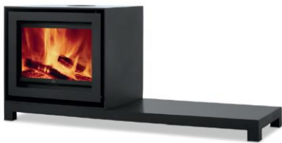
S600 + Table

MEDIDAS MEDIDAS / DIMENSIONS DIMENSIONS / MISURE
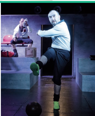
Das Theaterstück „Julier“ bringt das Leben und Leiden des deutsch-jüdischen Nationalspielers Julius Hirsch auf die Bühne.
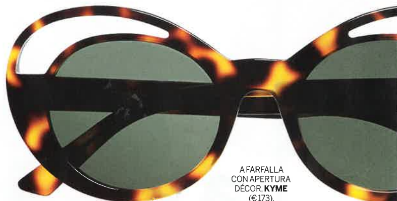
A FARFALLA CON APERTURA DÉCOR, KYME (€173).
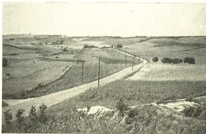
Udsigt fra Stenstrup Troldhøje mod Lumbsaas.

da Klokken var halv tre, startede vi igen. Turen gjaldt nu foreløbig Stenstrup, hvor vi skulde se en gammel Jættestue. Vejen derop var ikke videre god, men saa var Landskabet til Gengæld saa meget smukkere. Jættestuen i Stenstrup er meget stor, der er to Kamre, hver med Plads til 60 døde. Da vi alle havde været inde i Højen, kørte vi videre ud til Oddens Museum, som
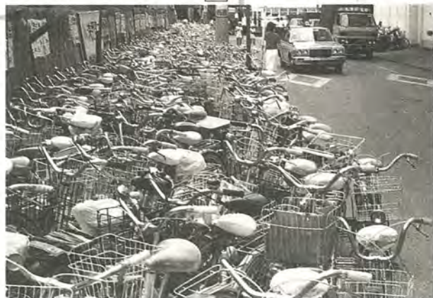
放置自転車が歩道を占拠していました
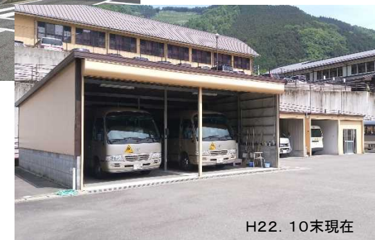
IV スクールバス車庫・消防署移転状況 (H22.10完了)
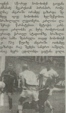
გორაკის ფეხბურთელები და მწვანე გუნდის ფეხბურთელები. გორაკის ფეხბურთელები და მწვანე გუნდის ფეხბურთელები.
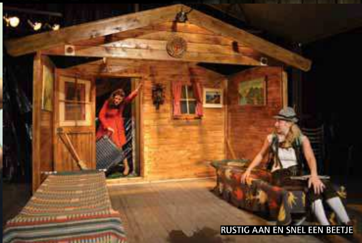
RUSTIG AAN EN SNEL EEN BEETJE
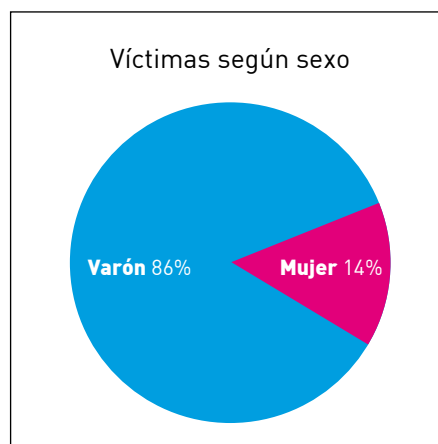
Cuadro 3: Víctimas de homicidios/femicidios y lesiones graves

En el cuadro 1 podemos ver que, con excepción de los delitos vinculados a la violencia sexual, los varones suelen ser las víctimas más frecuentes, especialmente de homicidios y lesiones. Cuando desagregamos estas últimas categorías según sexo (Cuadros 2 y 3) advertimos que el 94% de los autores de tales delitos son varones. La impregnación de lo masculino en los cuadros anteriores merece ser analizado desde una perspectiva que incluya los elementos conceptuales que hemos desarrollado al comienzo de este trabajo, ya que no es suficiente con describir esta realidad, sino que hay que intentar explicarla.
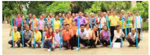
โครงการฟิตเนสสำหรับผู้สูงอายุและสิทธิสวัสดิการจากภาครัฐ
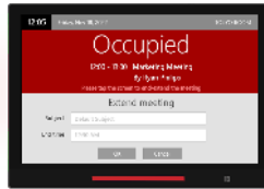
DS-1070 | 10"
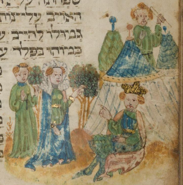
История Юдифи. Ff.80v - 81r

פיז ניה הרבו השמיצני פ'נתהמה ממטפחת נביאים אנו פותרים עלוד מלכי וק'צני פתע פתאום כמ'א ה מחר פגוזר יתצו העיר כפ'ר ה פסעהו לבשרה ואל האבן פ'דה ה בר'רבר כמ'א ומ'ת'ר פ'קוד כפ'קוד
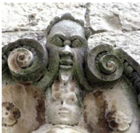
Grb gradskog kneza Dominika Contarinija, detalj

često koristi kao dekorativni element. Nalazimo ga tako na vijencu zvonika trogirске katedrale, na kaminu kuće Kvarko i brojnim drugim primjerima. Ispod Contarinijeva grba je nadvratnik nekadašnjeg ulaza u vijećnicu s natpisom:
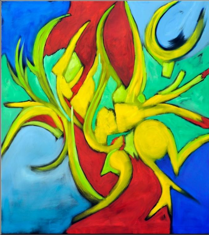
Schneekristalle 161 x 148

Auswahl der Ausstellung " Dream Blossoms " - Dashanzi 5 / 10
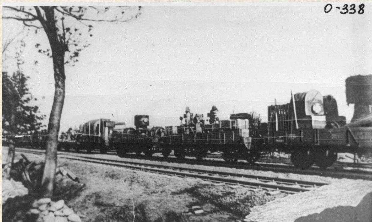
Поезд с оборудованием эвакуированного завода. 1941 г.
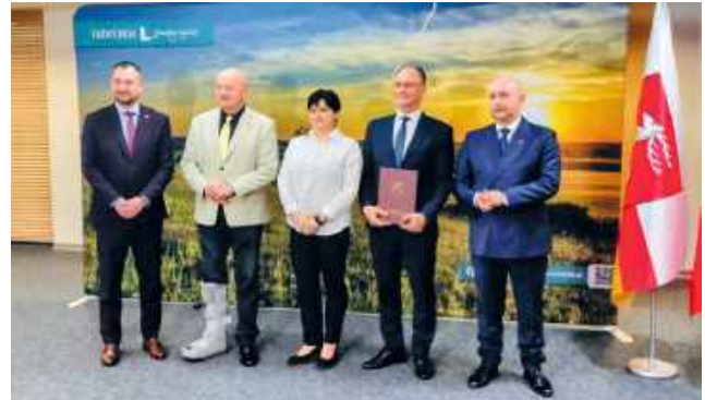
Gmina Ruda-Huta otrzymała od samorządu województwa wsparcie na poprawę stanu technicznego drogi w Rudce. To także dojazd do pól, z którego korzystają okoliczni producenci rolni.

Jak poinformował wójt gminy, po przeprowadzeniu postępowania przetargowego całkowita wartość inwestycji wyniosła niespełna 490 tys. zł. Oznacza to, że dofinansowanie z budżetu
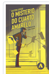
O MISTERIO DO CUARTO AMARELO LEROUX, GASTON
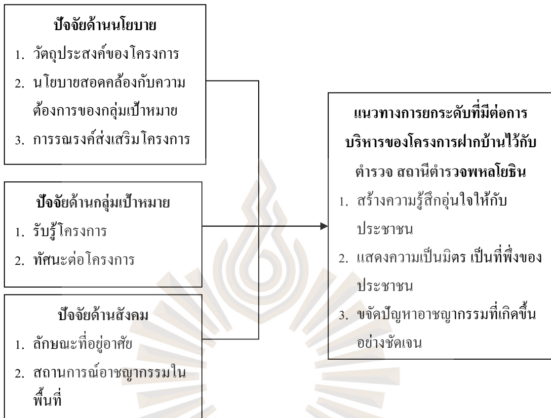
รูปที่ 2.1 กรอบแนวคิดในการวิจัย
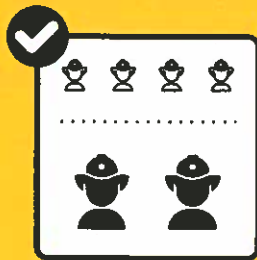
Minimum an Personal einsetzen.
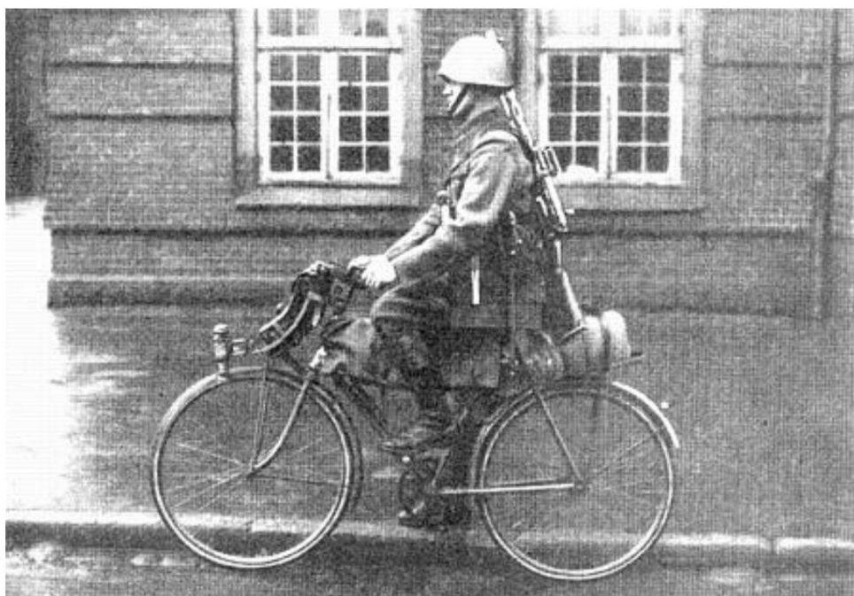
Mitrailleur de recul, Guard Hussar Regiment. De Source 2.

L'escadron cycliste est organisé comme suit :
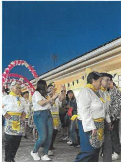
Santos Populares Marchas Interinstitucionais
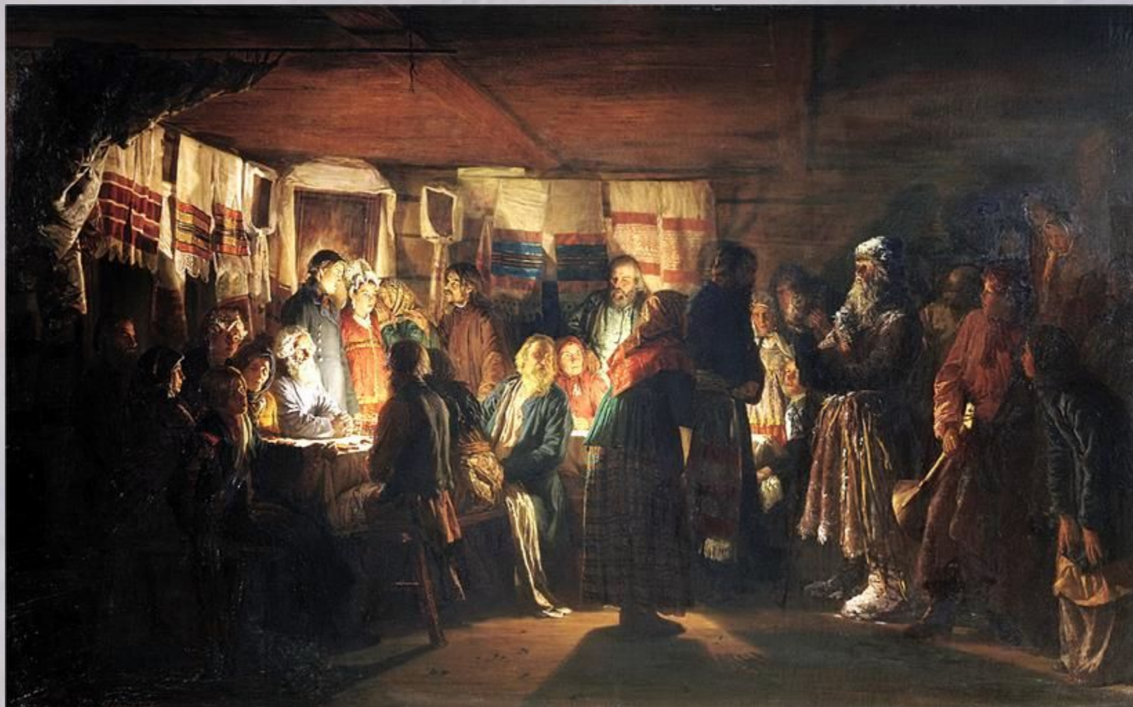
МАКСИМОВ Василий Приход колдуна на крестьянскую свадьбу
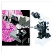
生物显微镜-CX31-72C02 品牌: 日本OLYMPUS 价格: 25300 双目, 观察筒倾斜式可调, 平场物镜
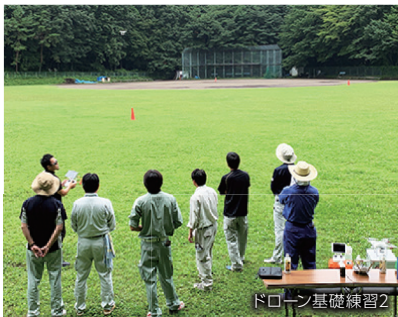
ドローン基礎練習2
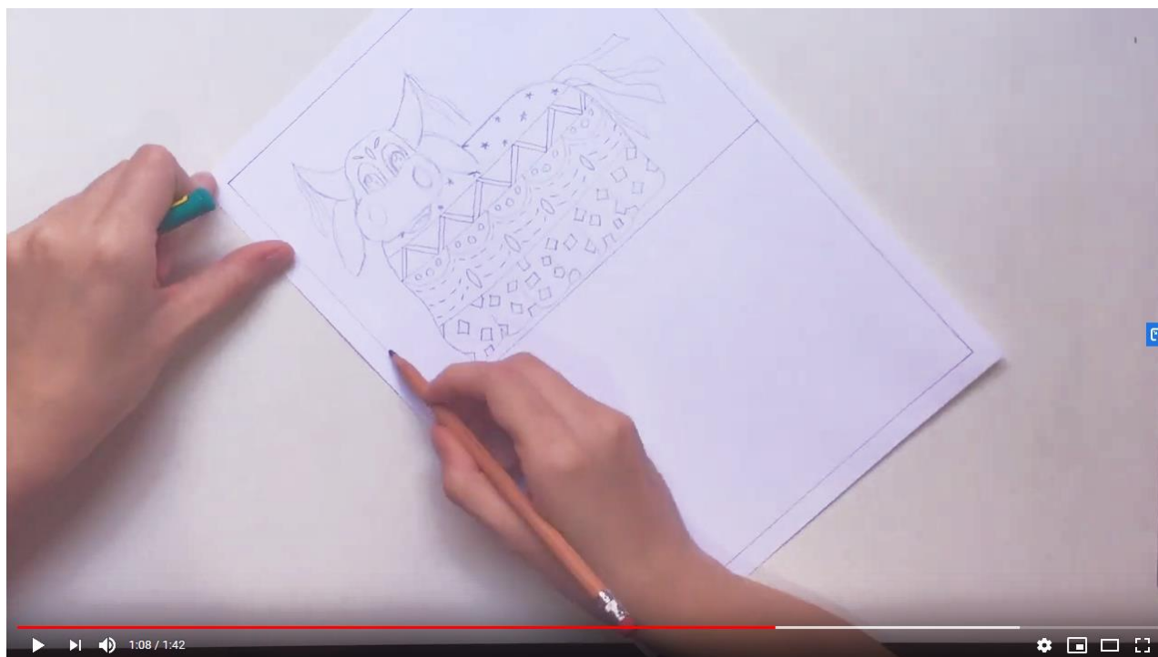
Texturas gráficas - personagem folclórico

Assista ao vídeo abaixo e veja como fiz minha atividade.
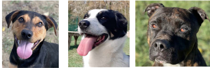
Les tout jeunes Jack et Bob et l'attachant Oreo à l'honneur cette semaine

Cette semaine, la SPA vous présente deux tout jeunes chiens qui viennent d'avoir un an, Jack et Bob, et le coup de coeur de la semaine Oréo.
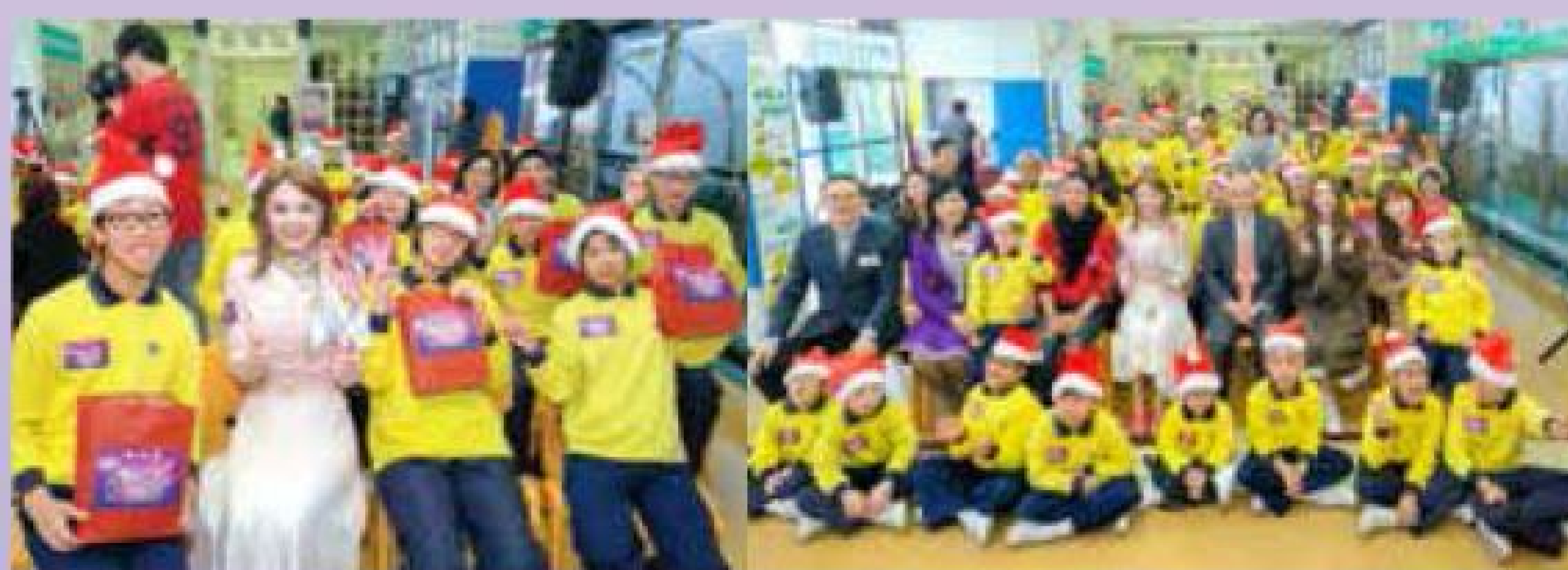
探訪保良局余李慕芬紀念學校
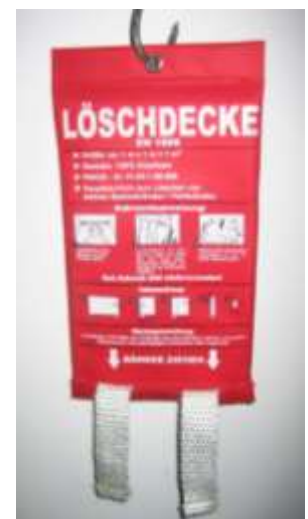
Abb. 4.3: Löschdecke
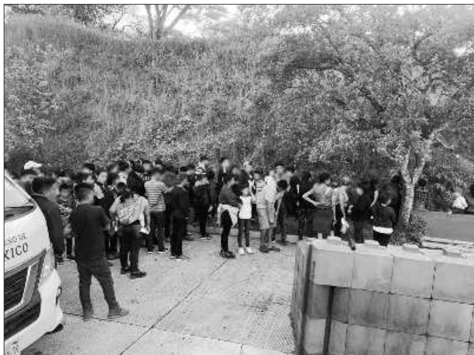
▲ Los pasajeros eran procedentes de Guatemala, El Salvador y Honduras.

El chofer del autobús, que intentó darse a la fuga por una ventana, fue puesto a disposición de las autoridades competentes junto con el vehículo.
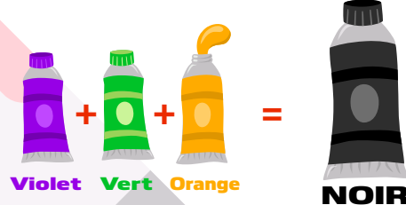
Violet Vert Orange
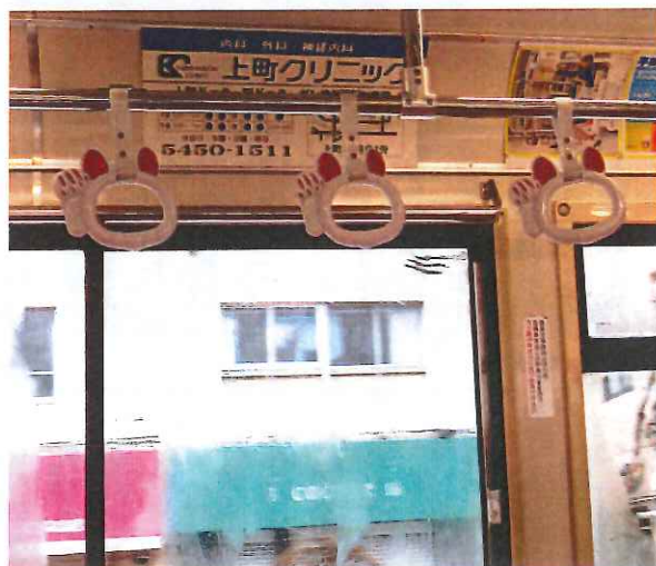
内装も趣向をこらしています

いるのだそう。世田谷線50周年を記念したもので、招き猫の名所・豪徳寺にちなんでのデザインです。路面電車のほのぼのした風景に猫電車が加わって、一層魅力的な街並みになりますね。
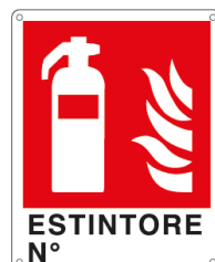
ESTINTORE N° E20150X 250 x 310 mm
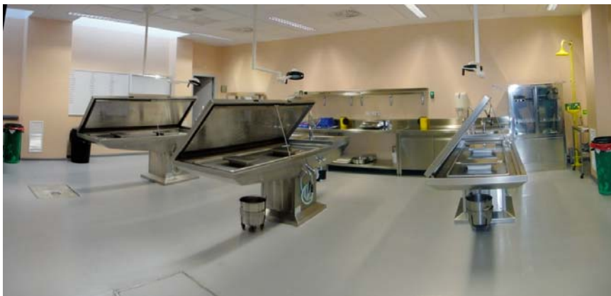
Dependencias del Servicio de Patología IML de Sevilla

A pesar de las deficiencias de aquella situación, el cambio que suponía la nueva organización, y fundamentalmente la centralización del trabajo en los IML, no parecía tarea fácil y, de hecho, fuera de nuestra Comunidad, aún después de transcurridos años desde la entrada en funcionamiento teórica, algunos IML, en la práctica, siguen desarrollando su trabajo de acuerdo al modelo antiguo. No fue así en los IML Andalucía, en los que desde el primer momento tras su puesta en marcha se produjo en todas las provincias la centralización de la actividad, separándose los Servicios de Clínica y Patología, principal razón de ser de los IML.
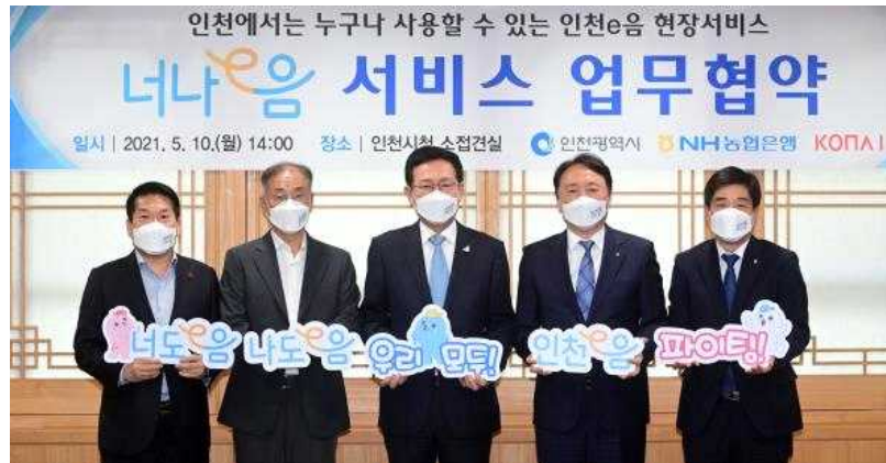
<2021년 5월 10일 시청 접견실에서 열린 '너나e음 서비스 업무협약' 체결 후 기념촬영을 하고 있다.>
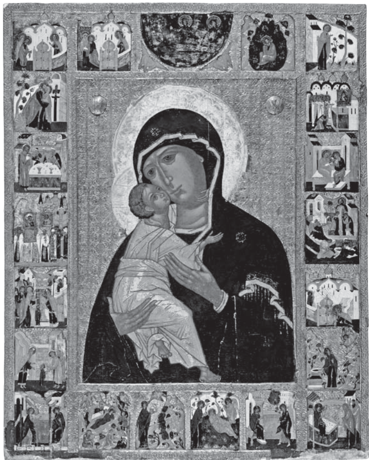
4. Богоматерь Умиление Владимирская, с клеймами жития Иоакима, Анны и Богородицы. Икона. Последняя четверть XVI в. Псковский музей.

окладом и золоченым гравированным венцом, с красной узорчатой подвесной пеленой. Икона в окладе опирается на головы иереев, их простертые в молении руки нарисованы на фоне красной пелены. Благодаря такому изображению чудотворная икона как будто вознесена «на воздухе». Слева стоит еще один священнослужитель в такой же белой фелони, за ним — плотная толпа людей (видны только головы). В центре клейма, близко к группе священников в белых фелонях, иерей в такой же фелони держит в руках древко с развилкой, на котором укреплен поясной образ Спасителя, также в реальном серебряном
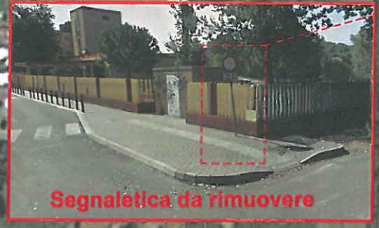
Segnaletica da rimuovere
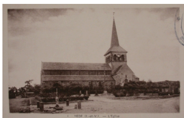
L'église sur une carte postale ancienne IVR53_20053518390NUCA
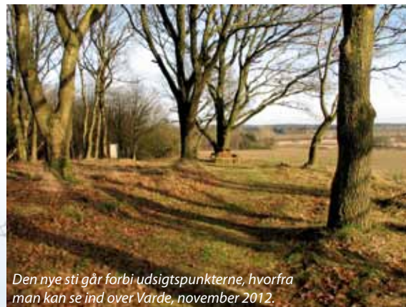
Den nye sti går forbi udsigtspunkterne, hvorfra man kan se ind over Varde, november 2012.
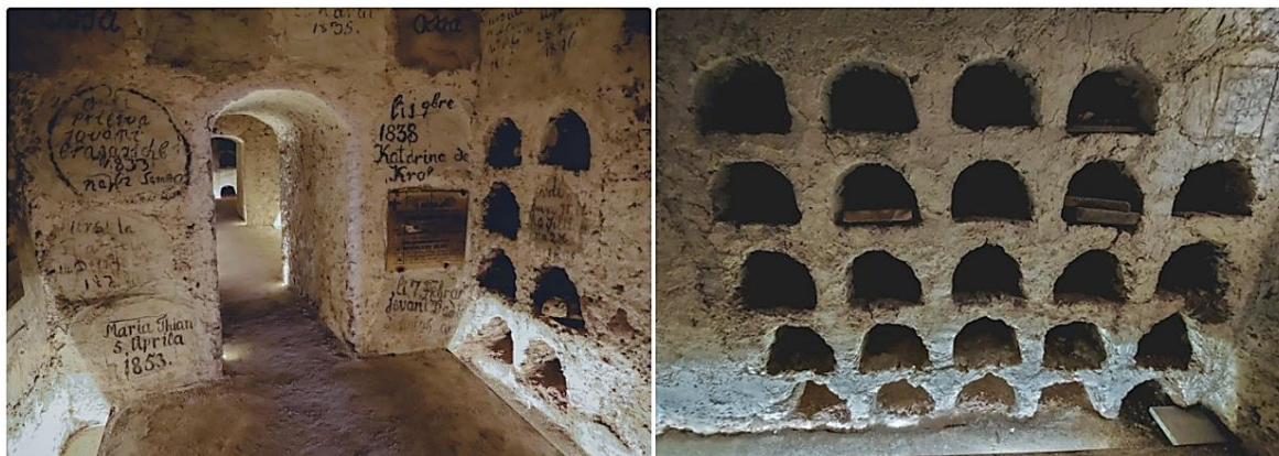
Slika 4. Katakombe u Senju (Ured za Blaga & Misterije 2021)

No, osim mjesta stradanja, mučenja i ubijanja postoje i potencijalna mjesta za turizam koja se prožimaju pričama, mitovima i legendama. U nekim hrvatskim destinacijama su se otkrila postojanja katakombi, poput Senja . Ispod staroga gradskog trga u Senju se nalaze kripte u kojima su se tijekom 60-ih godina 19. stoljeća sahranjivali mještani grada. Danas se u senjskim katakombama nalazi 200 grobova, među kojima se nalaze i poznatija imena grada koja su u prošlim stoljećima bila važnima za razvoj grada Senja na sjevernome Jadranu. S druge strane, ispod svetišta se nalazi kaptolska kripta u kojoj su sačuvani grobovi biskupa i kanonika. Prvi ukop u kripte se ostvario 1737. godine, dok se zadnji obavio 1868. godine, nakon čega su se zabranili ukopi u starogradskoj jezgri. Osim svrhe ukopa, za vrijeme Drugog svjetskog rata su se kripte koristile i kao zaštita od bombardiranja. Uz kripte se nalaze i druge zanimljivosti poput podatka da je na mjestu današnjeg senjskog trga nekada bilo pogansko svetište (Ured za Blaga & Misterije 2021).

▬▬▬▬▬▬

# EXERCISE DESCRIPTION
Nothing but the lines from the start of the listing through the line with "Cuadro 3: Víctimas" belongs in the answer, each one retyped exactly and without pictures.

# RESPONSE
S600 + Table

MEDIDAS MEDIDAS / DIMENSIONS DIMENSIONS / MISURE
Das Theaterstück „Julier“ bringt das Leben und Leiden des deutsch-jüdischen Nationalspielers Julius Hirsch auf die Bühne.
A FARFALLA CON APERTURA DÉCOR, KYME (€173).
Udsigt fra Stenstrup Troldhøje mod Lumbsaas.

da Klokken var halv tre, startede vi igen. Turen gjaldt nu foreløbig Stenstrup, hvor vi skulde se en gammel Jættestue. Vejen derop var ikke videre god, men saa var Landskabet til Gengæld saa meget smukkere. Jættestuen i Stenstrup er meget stor, der er to Kamre, hver med Plads til 60 døde. Da vi alle havde været inde i Højen, kørte vi videre ud til Oddens Museum, som
放置自転車が歩道を占拠していました
IV スクールバス車庫・消防署移転状況 (H22.10完了)
გორაკის ფეხბურთელები და მწვანე გუნდის ფეხბურთელები. გორაკის ფეხბურთელები და მწვანე გუნდის ფეხბურთელები.
RUSTIG AAN EN SNEL EEN BEETJE
Cuadro 3: Víctimas de homicidios/femicidios y lesiones graves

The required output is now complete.